**TO DO:** Return the data exactly, apart from leaving out the pictures.

**STORED DATA:**
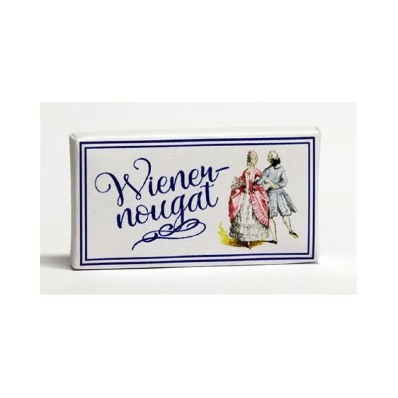Wienernougatask i miniatyr till dockskåp i skala 1:12. Förpackningen är av papper, tom och ej öppningsbar. Mått ca 1,4 x 2,7 cm.
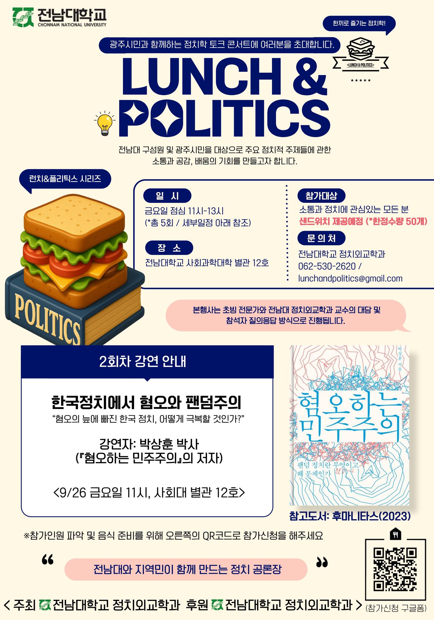 - <전남대 정치외교학과>에서 지역사회의 정치교육 및 공론장 활성화를 위해 광주시민과 함께하는 정치학 토크 콘서트 <런치&폴리틱스(Lunch&Politics)> 시리즈를 진행하고 있습니다.
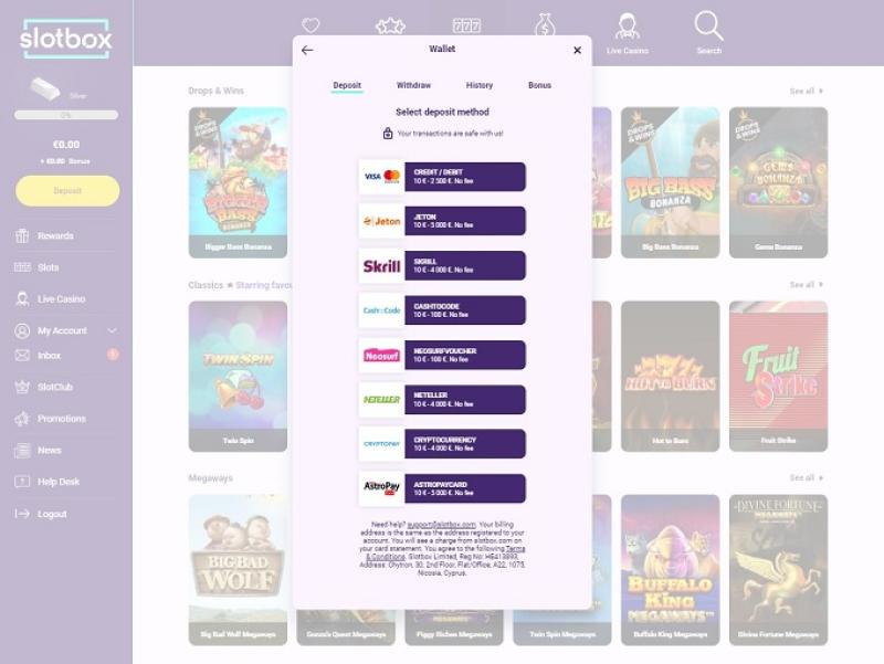 Slotbox — это онлайн-казино, принадлежащее и управляемое компанией Slotbox NV, зарегистрированной в соответствии с законодательством Кюрасао, имеющей лицензию и регулируемой компанией Antillephone NV.
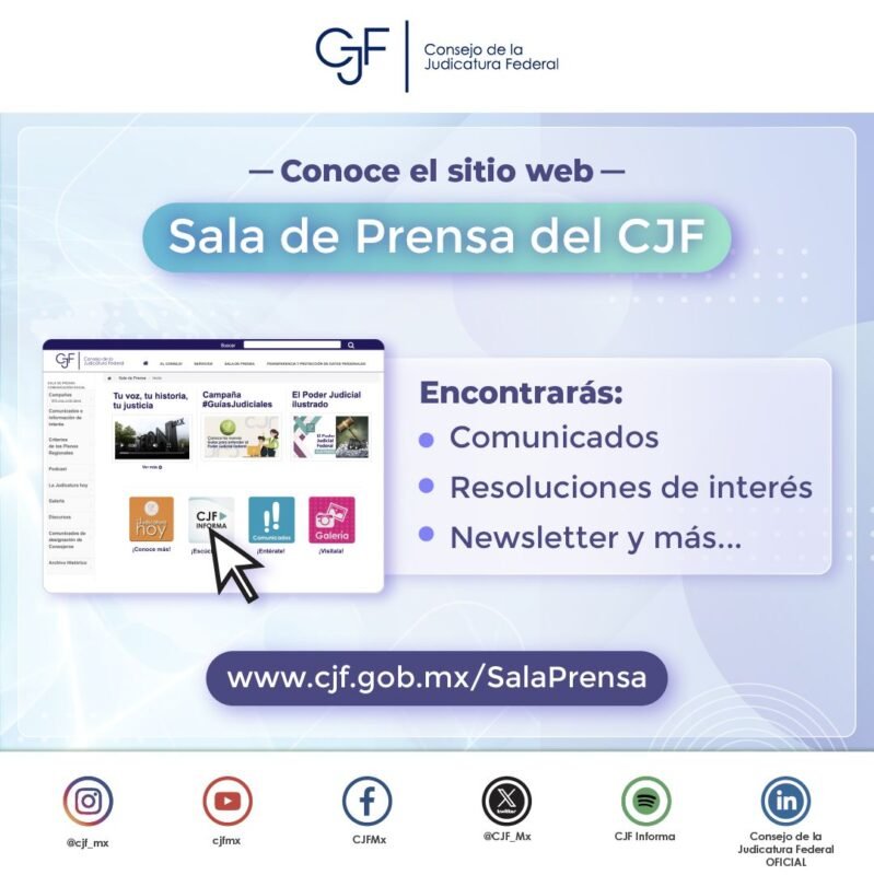 Consejo de la Judicatura FederalInfografías En la sección #SalaDePrensa del #CJF encuentras la información periodística y editorial más relevante. Por Araceli Bastida - marzo 3, 2025 0 FacebookTwitterPinterestLinkedinReddItEmailWhatsAppTelegramVK

**ANSWER TO THIS EXERCISE:**
Wienernougatask i miniatyr till dockskåp i skala 1:12. Förpackningen är av papper, tom och ej öppningsbar. Mått ca 1,4 x 2,7 cm.
 - <전남대 정치외교학과>에서 지역사회의 정치교육 및 공론장 활성화를 위해 광주시민과 함께하는 정치학 토크 콘서트 <런치&폴리틱스(Lunch&Politics)> 시리즈를 진행하고 있습니다.
 Slotbox — это онлайн-казино, принадлежащее и управляемое компанией Slotbox NV, зарегистрированной в соответствии с законодательством Кюрасао, имеющей лицензию и регулируемой компанией Antillephone NV.
 Consejo de la Judicatura FederalInfografías En la sección #SalaDePrensa del #CJF encuentras la información periodística y editorial más relevante. Por Araceli Bastida - marzo 3, 2025 0 FacebookTwitterPinterestLinkedinReddItEmailWhatsAppTelegramVK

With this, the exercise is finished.